PRESIDENT Robert Mugabe, Prime Minister Morgan Tsvangirai and his deputy Arthur Mutambara –– the principals to the global political agreement –– will meet “very soon” to give direction and rationalise the constitution-making process, a cabinet minister said yesterday.

Constitutional and Parliamentary Affairs minister Eric Matinenga told journalists in Harare that the principals wanted the process to remain on course.


Matinenga said although he could not  disclose the date Mugabe, Tsvangirai and Mutambara would meet, the principals appreciated “the urgency of the matter”.

“The three principals are meeting soon to discuss the process of efficiency, taking into consideration the disruptions and the inefficiency that characterised the stakeholders meeting (in July),” Matinenga added.

He said contrary to media reports that the constitution-making process had ground to a halt, it was on course.

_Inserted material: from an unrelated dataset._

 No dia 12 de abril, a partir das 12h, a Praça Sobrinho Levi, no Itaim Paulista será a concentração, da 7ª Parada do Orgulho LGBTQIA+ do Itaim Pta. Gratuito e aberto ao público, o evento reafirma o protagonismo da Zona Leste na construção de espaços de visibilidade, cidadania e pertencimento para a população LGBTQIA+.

The assurance came amid claims from Zanu PF officials that the process might not be completed until 2013.

Zanu PF has attributed the delay to lack of funds and a fight over the process between the parliamentary select committee and the administration of parliament and Matinenga.

The process, which was initially expected to end within 18 months from the setting up of a the select committee in April, has been moving at a snail’s pace.

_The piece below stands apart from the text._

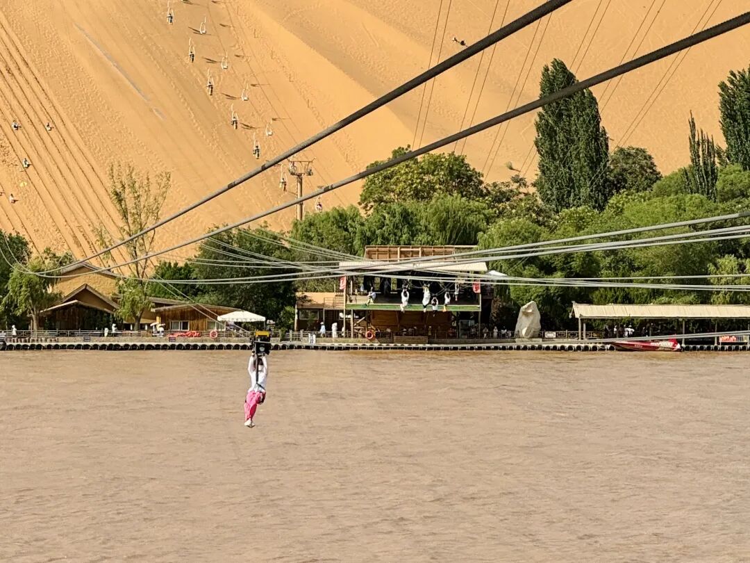 飞黄腾达在黄河区,可以直接从沙漠区前往,20分钟不到的车程,乘坐景区公交即可。百米高空,坐上滑索穿越黄河,看起来怪刺激的,但其实一点也不吓人,本胆小星人甚至能睁眼欣赏脚下蜿蜒的黄河,和面前延绵的贺兰山脉。

Matinenga said the process was “irreversible”. He revealed that there were German donors who have expressed interest in funding the constitution-making process.  

Asked if the donors would not set conditions on the financial aid, Matinenga said all the money will be deposited with the Treasury which would determine how it should be used.

“There is no need to worry,” Matinenga said. “All the money from donors will be put in one common Treasury basket and it will be accounted for by the Treasury depending on the priorities.”

 Matinenga also said his ministry has appointed a special committee to oversee the constitution-making process.

“The constitution-making process is still alive,” Matinenga said. “The ministry has come up with a special committee that should be viewed as a purpose-made vehicle for the constitution-making process. The committee’s aim will be to monitor the efficiency capacity of the process and to strengthen the policy role.”